■ Task: Please reproduce the lines of the records below from the one holding "Moving on to" through the one holding "Two-Bedroom HouseThis holiday", inclusive, skipping all pictures.
##### Provided data #####
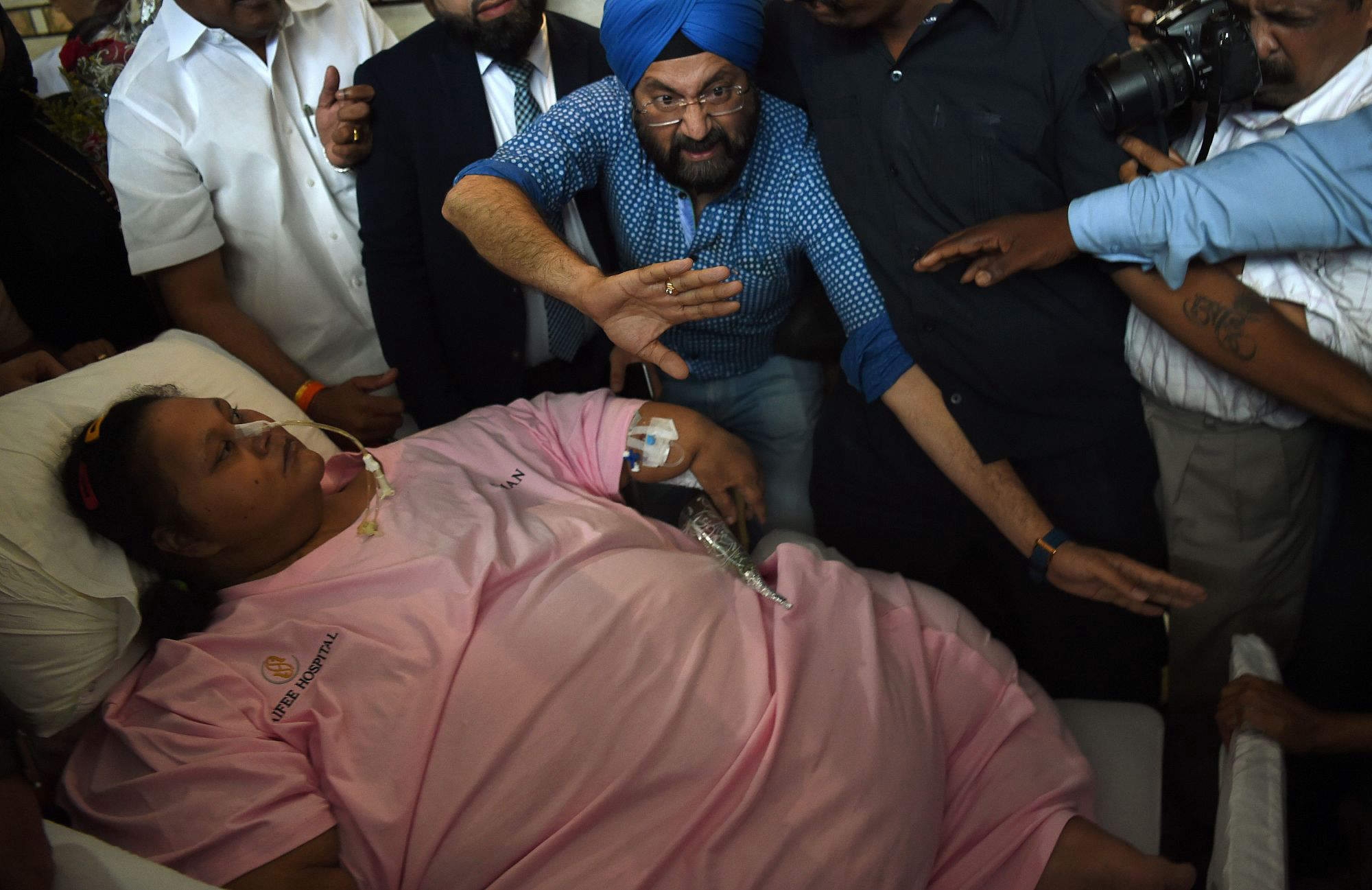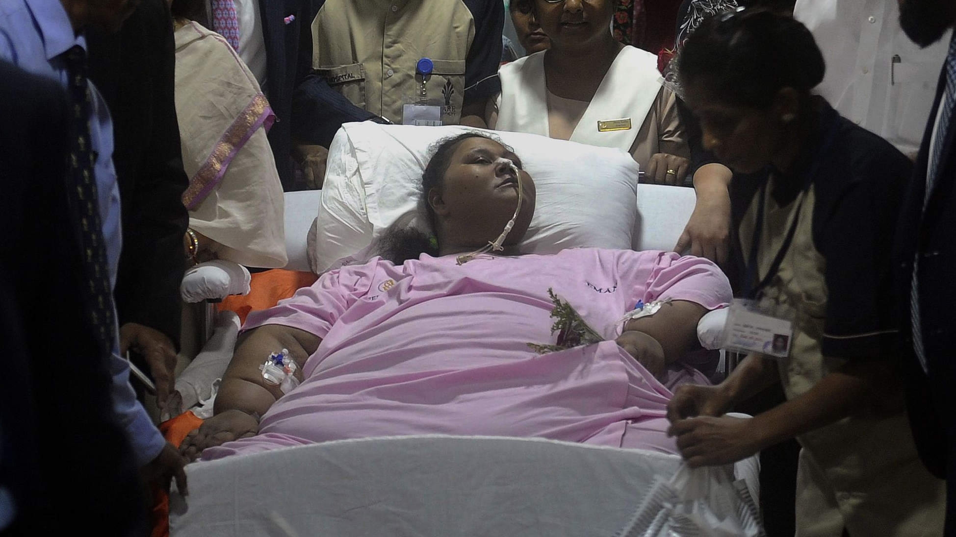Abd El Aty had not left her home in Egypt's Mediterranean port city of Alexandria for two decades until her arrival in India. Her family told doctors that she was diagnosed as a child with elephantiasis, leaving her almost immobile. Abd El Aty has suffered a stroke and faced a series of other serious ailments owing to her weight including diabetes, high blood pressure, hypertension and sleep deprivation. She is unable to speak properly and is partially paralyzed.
#####
##### Provided data #####
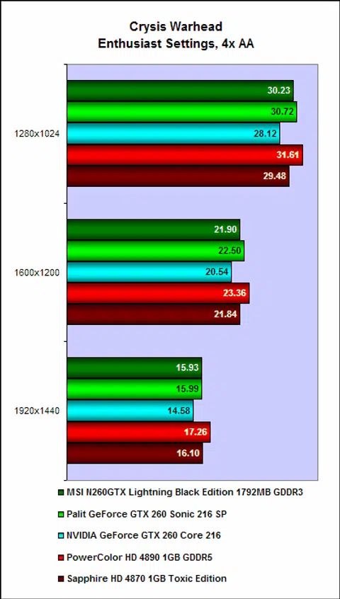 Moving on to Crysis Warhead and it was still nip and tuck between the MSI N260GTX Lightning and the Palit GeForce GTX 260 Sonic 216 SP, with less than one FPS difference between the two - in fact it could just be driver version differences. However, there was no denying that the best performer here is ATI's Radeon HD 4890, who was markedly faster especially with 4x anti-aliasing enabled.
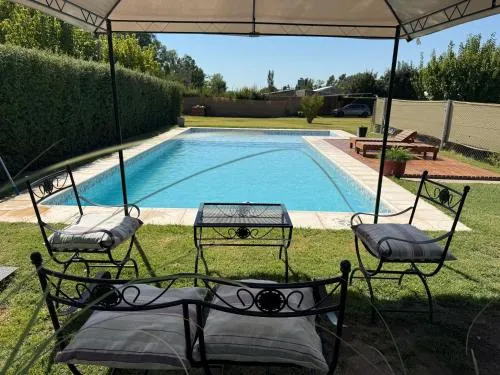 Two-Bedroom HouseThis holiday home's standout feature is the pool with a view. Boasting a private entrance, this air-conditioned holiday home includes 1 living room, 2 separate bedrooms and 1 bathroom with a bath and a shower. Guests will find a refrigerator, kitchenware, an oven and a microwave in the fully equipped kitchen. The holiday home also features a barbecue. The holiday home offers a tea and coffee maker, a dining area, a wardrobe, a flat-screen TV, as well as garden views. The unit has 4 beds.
#####
##### Provided data #####
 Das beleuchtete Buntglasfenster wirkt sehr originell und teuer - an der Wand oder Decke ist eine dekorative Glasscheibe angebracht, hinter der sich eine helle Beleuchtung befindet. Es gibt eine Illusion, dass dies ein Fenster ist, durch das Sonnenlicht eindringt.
#####
■ Solution below:
 Moving on to Crysis Warhead and it was still nip and tuck between the MSI N260GTX Lightning and the Palit GeForce GTX 260 Sonic 216 SP, with less than one FPS difference between the two - in fact it could just be driver version differences. However, there was no denying that the best performer here is ATI's Radeon HD 4890, who was markedly faster especially with 4x anti-aliasing enabled.
 Two-Bedroom HouseThis holiday home's standout feature is the pool with a view. Boasting a private entrance, this air-conditioned holiday home includes 1 living room, 2 separate bedrooms and 1 bathroom with a bath and a shower. Guests will find a refrigerator, kitchenware, an oven and a microwave in the fully equipped kitchen. The holiday home also features a barbecue. The holiday home offers a tea and coffee maker, a dining area, a wardrobe, a flat-screen TV, as well as garden views. The unit has 4 beds.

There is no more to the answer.